▶ _ACTION ITEM_
The whole listing needs to be written out exactly, except for any images.

▶ _DATASET SECTION_
>>>>>
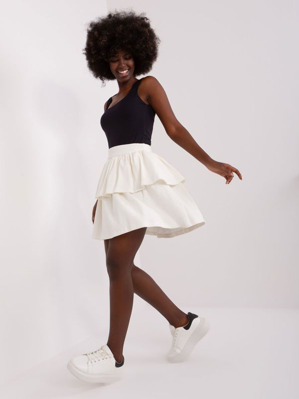 Ecru striped knitted miniskirt . Material Type: Ribbed Product code: EM-SD-HS-20-08.88Dominant pattern: smoothStyle: CasualOccasion: every day, to the city, for a walk, for summer The model is wearing size S/M. Measurements: height 168 cm, breasts 82 cm, waist 62 cm, hips 93 cm. Skirt dimensions in size S/M measured flat: waist width - 36 cm, total length - 45 cm.
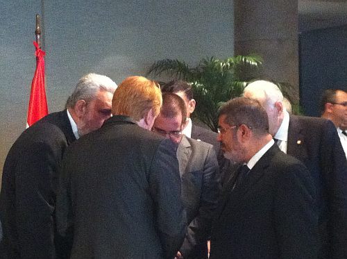 During his visit to São Paulo, the Egyptian leader also met with representatives of large companies, among them executives of Brasil Foods (BRF), JBS, Marcopolo, in the bus sector, which has a factory in Egypt, with the executive vice president for People, Institutional Affairs and Sustainability at Embraer, Jackson Schneider, and with the president of Coteminas, Josué Gomes da Silva. On Wednesday, in Brasília, Morsi discussed cooperation in aviation and defence with president Dilma Rousseff.
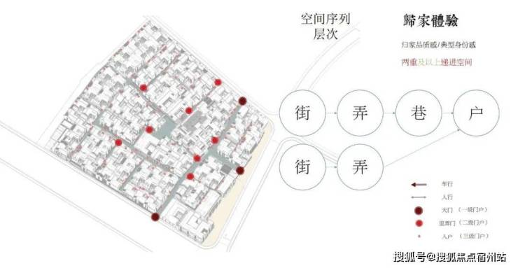 士林润园社区规划可分为蓬莱路城市公共景观以及社区内部景观两个部分,其中市政绿地衔接于上海2035城市总体规划中“蓝绿丝带”的上位条件要求,社区内部街巷空间形成空间序列形成递进的层次,将归家体验的序列依次展开,形成城市街道→入口(一级门户)→街巷→节点空间→里弄门(二级门户)→合院入户(三级门户)的方式,基本可保证大多数住户可体验到两重以上的空间递进。
<<<<<
▶ _REPLY TO THE TASK_
 Ecru striped knitted miniskirt . Material Type: Ribbed Product code: EM-SD-HS-20-08.88Dominant pattern: smoothStyle: CasualOccasion: every day, to the city, for a walk, for summer The model is wearing size S/M. Measurements: height 168 cm, breasts 82 cm, waist 62 cm, hips 93 cm. Skirt dimensions in size S/M measured flat: waist width - 36 cm, total length - 45 cm.
 During his visit to São Paulo, the Egyptian leader also met with representatives of large companies, among them executives of Brasil Foods (BRF), JBS, Marcopolo, in the bus sector, which has a factory in Egypt, with the executive vice president for People, Institutional Affairs and Sustainability at Embraer, Jackson Schneider, and with the president of Coteminas, Josué Gomes da Silva. On Wednesday, in Brasília, Morsi discussed cooperation in aviation and defence with president Dilma Rousseff.
 士林润园社区规划可分为蓬莱路城市公共景观以及社区内部景观两个部分,其中市政绿地衔接于上海2035城市总体规划中“蓝绿丝带”的上位条件要求,社区内部街巷空间形成空间序列形成递进的层次,将归家体验的序列依次展开,形成城市街道→入口(一级门户)→街巷→节点空间→里弄门(二级门户)→合院入户(三级门户)的方式,基本可保证大多数住户可体验到两重以上的空间递进。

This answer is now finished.